Nearly four months after a homeless encampment under the Ville-Marie Expressway was dismantled, about two-thirds of the people who were evicted are still unhoused, according to advocates.
Community workers argue that given the number of people in the city who are living in makeshift shelters, a strategy, other than simple eviction, needs to be developed.
“Encampments are going to be with us for a while,” David Chapman of Resilience Montreal told Global News. “That’s just the facts. The question is, how do we engage them in a responsible manner?”
Some former campers are still being moved around, like Jacko Stuben.
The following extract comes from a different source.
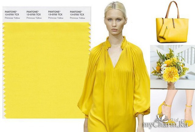 В противопоставление холодному и загадочному оттенку Niagara эксперты Института Pantone предложили теплый и жизнерадостный модный цвет 2017 в одежде Primrose Yellow. Название оттенок получил в честь цветка. Желтая примула - невероятно позитивный и солнечный оттенок. Он вдохновил в весенне-летнем сезоне многих дизайнеров, среди которых Alexis Mabille, Max Mara, Lacoste. Более того, модный желтый цвет стал фаворитом для свадебных стилистов.

He and one other person moved to a wooded spot near Atwater Avenue, next to the Ville-Marie Expressway, not far from where he and more than a dozen others were evicted by Transports Québec last July to make way for what the ministry said was urgent repair work.
Now he says Transports Québec has given him until Thursday to move from his new spot which is next to the expressway worksite.
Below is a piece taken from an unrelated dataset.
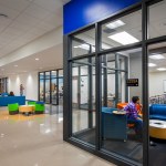 Franklin School District wanted to address capacity issues and add a new Performing Arts Center to the High School campus. To create community pride and transform the existing, relatively windowless high school into a center for community activity, the District used this as an opportunity to completely renovate the school, aesthetically and functionally; changing the way education is provided to the high school population. A two-story learning space was added, as well as a new performing arts center, and the exterior façade redesigned to create a new face for the community. A large portion of the remaining facility underwent substantial renovation, changing the way education is delivered from teacher-centered to student-centered. To achieve a visual and functional transformation, spaces are student-centered and promote collaboration, team-teaching and interdisciplinary project-based learning. The school was completely reorganized, moving away from the previous silo arrangement of disciplines to more flexible spaces that allow for interdisciplinary instruction models. Three S.T.E.M. neighborhoods include a “technical wing” with a combination of Math, Science and Project Lead the Way programs, a “creative wing” featuring an art and media-based suite, and a “humanities neighborhood” focused on the Language Arts and Social Sciences. The design of each neighborhood emphasizes collaboration by incorporating a centrally located “think tank” space, where students and instructors can meet. All neighborhoods are arranged in unison with student commons areas or break out spaces to provide various areas to collaborate, socialize and foster independence outside of the classroom. The use of glass is extensive and promotes the idea of “learning on display” with many exploratory disciplines featuring views to the general circulation areas, allowing students to see what is happening and generate interest in new subjects. Classrooms have no implied front-of- room or pre-determined arrangements, but multiple instruction areas and surfaces where teachers instruct from mobile podiums and flex for various modes of teaching. The rooms are furnished with flexible, movable furniture, including buoy stools, lounge chairs, tables and tablet chairs to provide variety and comfort. At the heart of the new performing arts center, an 850-seat auditorium, with a full array of supporting amenities and state-of-the-art lighting and sound, is a beacon for the community, where outside groups can now come to perform. To allow for maximum flexibility and adaptability in the future, steel columns and beams with no load-bearing partitions were used in the construction of the building. This method ensures that as education pedagogy progresses, the building structure has the ability to adapt without substantive cost measures.

“We’re just going to move to a different location,” he said. “It’s not easy for us because they’re just throwing us out.”
Earlier this year, advocates for the homeless tried but failed to quash the eviction order for the 15 campers in court. They argued that forcing campers to leave without giving them an alternate living space was not wise and stressed that the group would simply split up and become isolated.
Community workers say that is exactly what happened.
“Sadly, where they’ve ended up are dark alleyways, small forested spots and abandoned buildings,” Chapman said.
A few of the campers did get lucky.
“Some of them, we’re talking about four or five, have been housed already,” said Marie-Pier Therrien, head of communications at the Old Brewery Mission. “One of them is actually here at Pavillion Marcelle and Jean Coutu.”
The other 10 have dispersed, including one who Chapman says now lives in an abandoned building but refuses to say where.
“Because he knows that if I’m coming to visit him, if others are coming to visit him, the probability is higher that he will be chased out of that location,” he explained.
He added that the danger with repeated eviction is that people eventually go underground, which means they could end up dead, from accidental drug overdose for example, because social service workers lose track of them.
According to Montreal Public Health, of the 175 Montrealers who died in the city between August 2022 and July 23, nine per cent were homeless.
Chapman says there are increasingly more isolated camps and he’s afraid that Stuben might end up going into hiding too.